Clinical, Functional, and Prognostic Evaluation of Idiopathic Pulmonary Fibrosis, Connective Tissue Disease-Associated Interstitial Lung Disease, Interstitial Pneumonia with Autoimmune Features: A Single-Center Prospective Study

Miraç Öz  1 Serhat Erol  1 Orhan Küçükşahin  2 İrem Kar  3 Kayhan Çetin Atasoy  4 Özlem Özdemir Kumbasar  1
Affiliations

Clinical, Functional, and Prognostic Evaluation of Idiopathic Pulmonary Fibrosis, Connective Tissue Disease-Associated Interstitial Lung Disease, Interstitial Pneumonia with Autoimmune Features: A Single-Center Prospective Study

Miraç Öz et al. Turk Thorac J. 2022 Nov.

Abstract

Objective: Our study aimed to evaluate clinical, functional, and prognostic features and to determine the prognosis of idiopathic pulmonary fibrosis, connective tissue disease-associated interstitial lung diseases, and interstitial pneumonia with autoimmune features.

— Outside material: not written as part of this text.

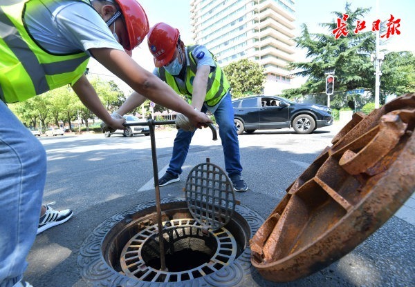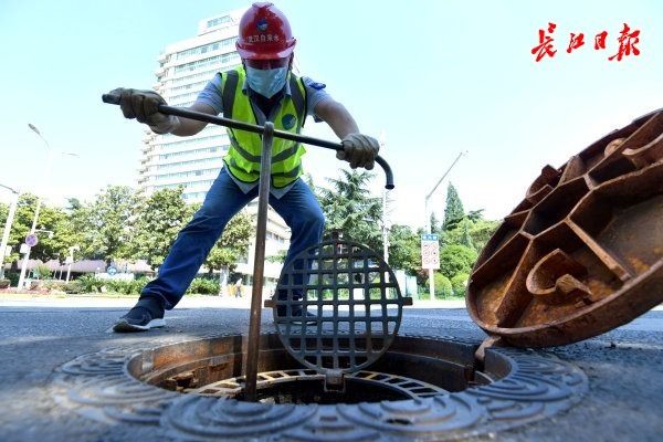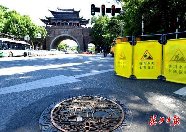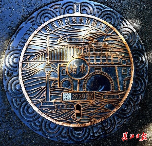 长江日报大武汉客户端5月7日讯 近日,汉阳晴川阁下,武汉市自来水有限公司施工人员正在对井盖内的闸门进行维护,不少市民围在附近对着施工井盖拍照留念。长江日报记者走近发现,原来,自今年2月首批“汉水的城市徽章”系列井盖在武昌彭刘杨路、临江大道、昙华林,汉口中山大道、沿江大道等路段铺设后,此次汉阳区装上了以晴川阁及龟山电视塔为图案的“新品”井盖。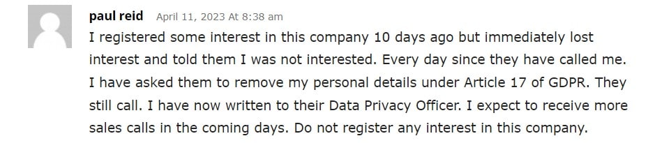 "Мен өте жақты түсінген тауарлармен танысқандым, 10 күн бұрын, бірақ одан кейін мен оны жоқ деп айттым және сізге хабарлама жасағанымнан бері мені өкінішке алдым. Ал олар мені өкіншіліктерімді жояу үшін GDPR 17-шаруашы статьясы бойынша оларға сұрайтын болатын бір таңдауды қалдырып қойдым. Олар кейінде меніге хабарлама жасайтынымдай жалғандайтып жатқызды. Ағымда мен персоналды деректерді қору қамтамасыз ету бойынша олардың қызметкеріне хат жаздым. Мен жакындаған күндері олардан жаңа қоңыраулар келетінін күтемін. Бұл компанияға жанеуге деген күнәнізді көрсетмеуіңізді сүрмейтініз."

Material and methods: Sixty-nine cases with interstitial lung diseases were recruited in this study prospectively. Demographic features, symptoms, radiological findings, functional measurements, and immunological markers were recorded twice (at the time of initial admission and in the 12th month). Twenty-four of 69 cases were idiopathic pulmonary fibrosis, 32 were connective tissue diseaseassociated interstitial lung diseases, and 13 were interstitial pneumonia with autoimmune features .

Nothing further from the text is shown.